Trump yönetiminin Venezuela’ya yönelik baskı politikası resmi söylemde “narkotik terörle mücadele” ekseninde sunulsa da pek çok analist gerçek hedefin ülkenin devasa petrol kaynaklarına erişim olduğunu ileri sürüyor. Dört yüz milyar varili aşan rezervleriyle Venezuela, ABD Körfezi kıyısındaki rafineriler için kritik bir ağır ham petrol tedarikçisi konumunda bulunuyor ve bu durum Washington’ın niyetini “kaynak güvenliği” perspektifinden de değerlendirme gereğini doğuruyor. Bu nedenle analistler, uyuşturucu kartelleriyle mücadele söyleminin yanı sıra ABD’nin enerji arz güvenliğini yeniden şekillendirme ve Venezuela’nın stratejik kaynaklarını yeniden Batı’nın ekonomik alanına çekme motivasyonunun da belirleyici olduğunu savunuyor.
Ayrıca Çin ve Rusya’nın son yıllarda Venezuela üzerinde artan etkisi Washington’daki stratejik kaygıları derinleştiriyor. Pekin’in uzun vadeli kredi ve petrol anlaşmaları ile Moskova’nın enerji altyapısı yatırımları, Karakas’ın doğal kaynaklarının büyük güç rekabetinin bir parçasına dönüşmesine yol açıyor. Bu tablo bağlamında petrol unsuru, Trump yönetiminin Venezuela politikasında hem ekonomik çıkar hem de jeopolitik denge bakımından kritik bir önem taşıyor.

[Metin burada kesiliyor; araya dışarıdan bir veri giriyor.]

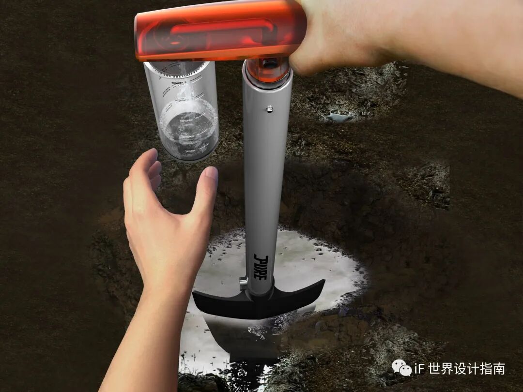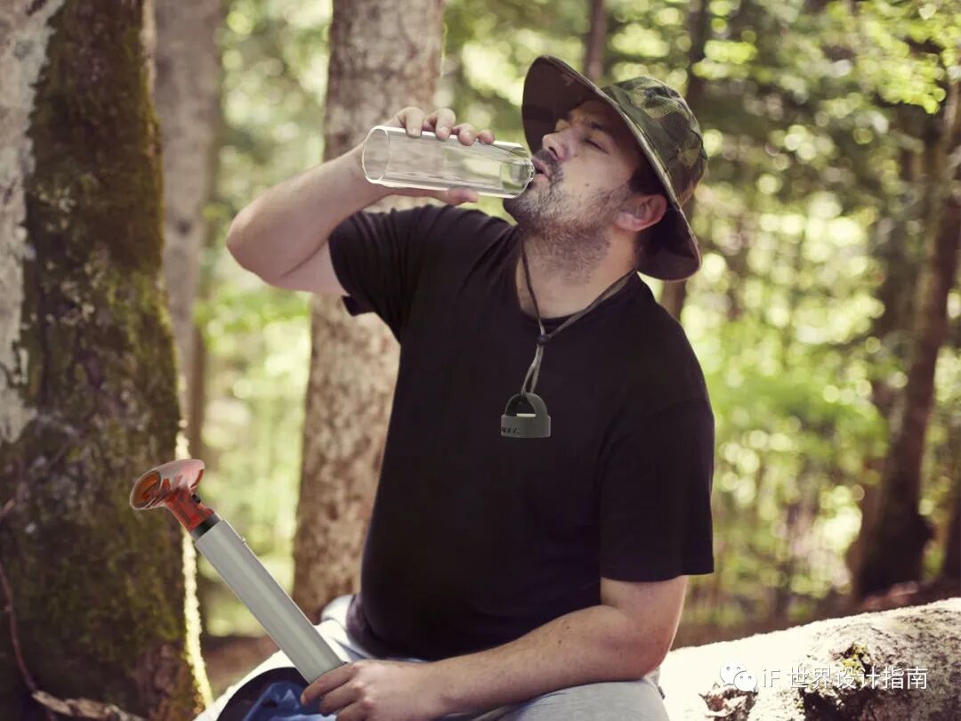 Draw 是一款带铁锹的滤水器。它专为在偏远地区徒步旅行或露营、不方便获取清洁饮水的人设计。在普通的户外活动中,可以把它当做一把铁锹来帮助扎营,但当探险者急需饮用水时,可以用它寻找并过滤地下水。通过其独特的结构,使用者只需抽吸和按压就可以得到一瓶干净的水。

Yaşanan gelişmeler, Venezuela dosyasının Trump yönetimi için yalnızca güvenlik ya da diplomasi başlıklarıyla açıklanamayacak kadar geniş bir stratejik çerçeveye oturduğunu; enerji arzı, bölgesel nüfuz rekabeti ve iç politik hesapların iç içe geçtiği çok katmanlı bir kriz alanı haline geldiğini gösteriyor. Washington’ın sert söylemleri fiili bir işgale dönüşmese bile, artan askeri baskı ve psikolojik operasyonların bölgedeki kırılgan dengeleri daha da zorlayacağı açık. Bu nedenle önümüzdeki dönem hem ABD’nin müdahale eşiğini hem de Karakas’ın direnç kapasitesini belirleyecek kritik bir sınav niteliği taşıyor.